GBS And Transverse Myelitis

Question 1

What is GBS?

Answer 1

Guillain-Barré syndrome (GBS) is a disorder causing demyelination and axonal degeneration resulting in acute, ascending and progressive neuropathy, characterised by weakness, paraesthesia without objective sensory loss and hyporeflexia (absence of deep tendon reflexes).

Question 2

What is the most common preceding infection in GBS?

Answer 2

About 75% of patients have a history of preceding infection, usually of the respiratory and gastrointestinal tract. Campylobacter jejuni is the most common cause. EBV, CMV and mycoplasma are also linked.

Question 3

What is the classification of GBS?

Answer 3

GBS is classified according to symptoms and is divided into axonal and demyelinating forms.

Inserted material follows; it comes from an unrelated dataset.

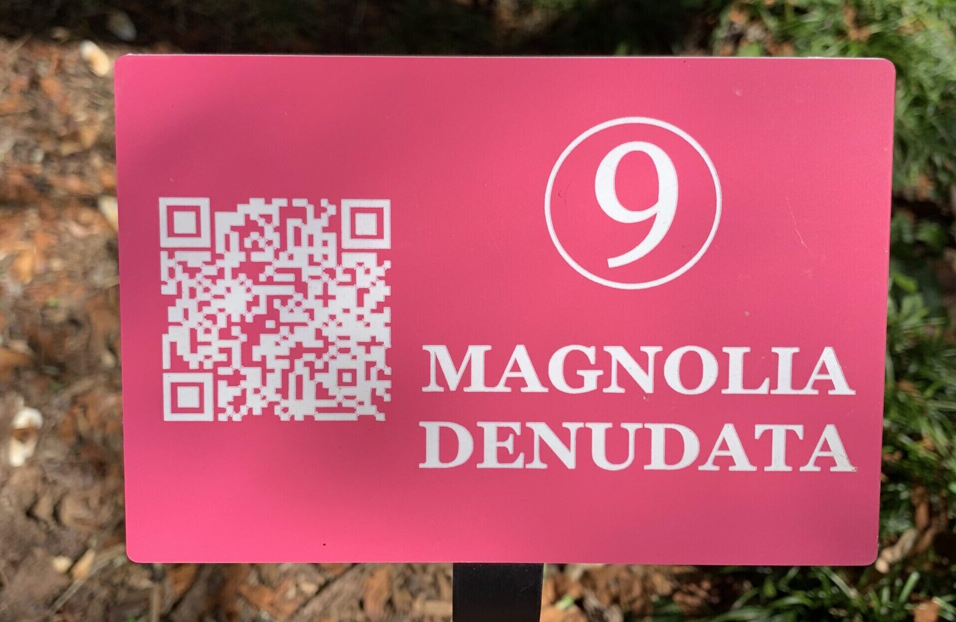 Our Magnolia collection is especially popular, and so the Botanical Garden has a special way to search for them during their blooming season. During Magnificent Magnolia season, you’ll find QR codes throughout the Botanical Garden that lead to specific species’ taxon pages, accompanied by a physical map in the garden. Developed in 2021, this feature gives everyone a way to discover our Magnificent Magnolias without needing a docent tour or a paper map.
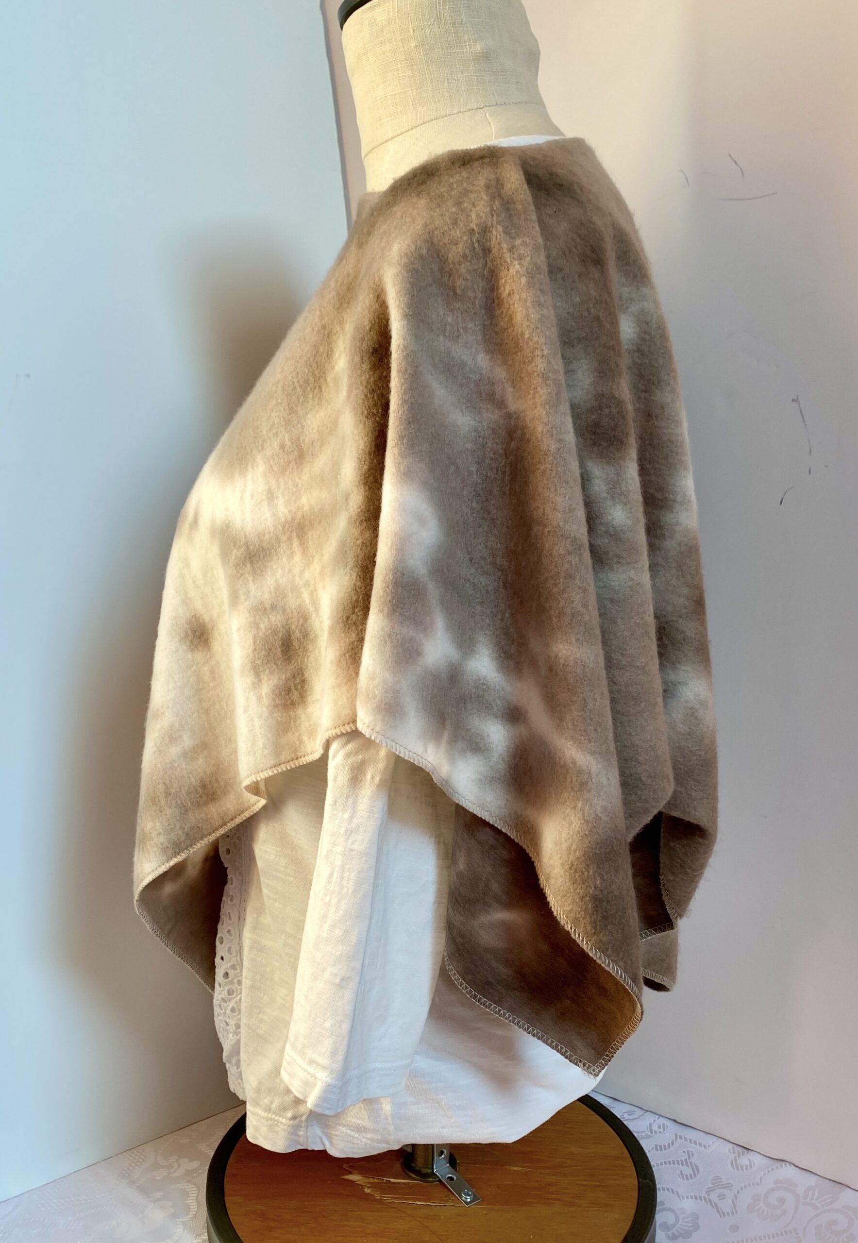 Discover effortless style and comfort with this short poncho, beautifully crafted in a sweater knit fabric. Designed with a modern tie-dye pattern in neutral tones, it pairs easily with any wardrobe, offering versatility for any season.

Sensory and motor: acute inflammatory demyelinating polyradiculoneuropathy (AIDP) (most common) or acute motor and sensory axonal neuropathy (AMSAN).

Motor: acute motor demyelinating neuropathy (AMAN)

Miller-Fisher syndrome: ophthalmoplegia, ataxia, and areflexia (also referred to as Fisher’s syndrome).

Bickerstaff’s brainstem encephalitis: similar to Miller-Fisher syndrome but also includes altered consciousness (encephalopathy) or long tract signs (hyper-reflexia), or both.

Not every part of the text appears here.